WHAT IS REQUIRED: Copy out the lines of the records below, and only those lines, from the one with "Pink Depression Glass" through the one with "- Small Cosmetic", exactly as they appear.

=== MATERIALS PROVIDED ===

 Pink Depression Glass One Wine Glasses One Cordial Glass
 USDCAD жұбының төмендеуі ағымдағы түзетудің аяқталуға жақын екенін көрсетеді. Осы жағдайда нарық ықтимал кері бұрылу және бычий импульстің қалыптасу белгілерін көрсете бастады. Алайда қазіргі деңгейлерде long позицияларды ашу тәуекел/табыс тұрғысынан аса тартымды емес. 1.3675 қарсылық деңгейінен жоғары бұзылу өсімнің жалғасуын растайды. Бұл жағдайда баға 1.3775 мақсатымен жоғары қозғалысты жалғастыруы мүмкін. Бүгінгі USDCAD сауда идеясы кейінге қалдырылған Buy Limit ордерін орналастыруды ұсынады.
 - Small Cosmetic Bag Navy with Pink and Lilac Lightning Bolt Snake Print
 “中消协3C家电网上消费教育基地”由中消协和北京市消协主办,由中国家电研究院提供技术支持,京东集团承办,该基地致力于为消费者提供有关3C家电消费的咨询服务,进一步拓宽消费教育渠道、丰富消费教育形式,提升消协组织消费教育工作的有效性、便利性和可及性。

===
=== MATERIALS PROVIDED ===

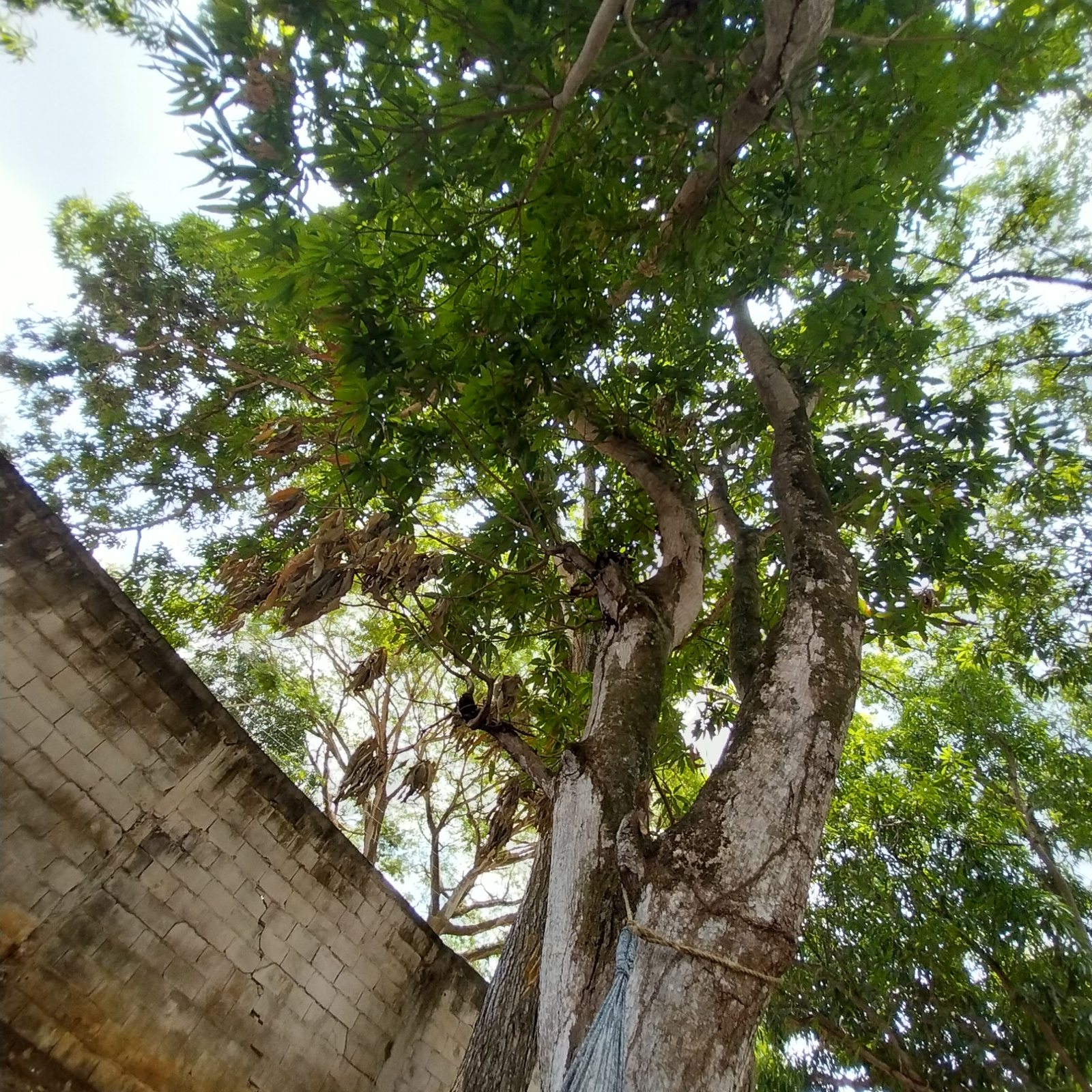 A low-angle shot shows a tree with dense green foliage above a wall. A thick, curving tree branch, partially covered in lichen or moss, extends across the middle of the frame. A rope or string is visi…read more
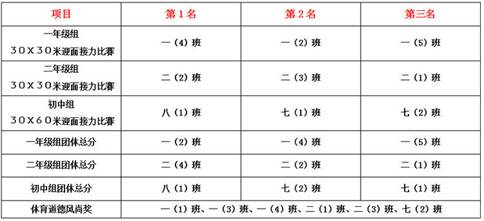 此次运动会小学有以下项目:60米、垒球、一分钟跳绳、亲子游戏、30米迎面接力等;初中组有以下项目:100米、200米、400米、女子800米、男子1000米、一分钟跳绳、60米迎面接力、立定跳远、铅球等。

===

WRITTEN ANSWER:
 Pink Depression Glass One Wine Glasses One Cordial Glass
 USDCAD жұбының төмендеуі ағымдағы түзетудің аяқталуға жақын екенін көрсетеді. Осы жағдайда нарық ықтимал кері бұрылу және бычий импульстің қалыптасу белгілерін көрсете бастады. Алайда қазіргі деңгейлерде long позицияларды ашу тәуекел/табыс тұрғысынан аса тартымды емес. 1.3675 қарсылық деңгейінен жоғары бұзылу өсімнің жалғасуын растайды. Бұл жағдайда баға 1.3775 мақсатымен жоғары қозғалысты жалғастыруы мүмкін. Бүгінгі USDCAD сауда идеясы кейінге қалдырылған Buy Limit ордерін орналастыруды ұсынады.
 - Small Cosmetic Bag Navy with Pink and Lilac Lightning Bolt Snake Print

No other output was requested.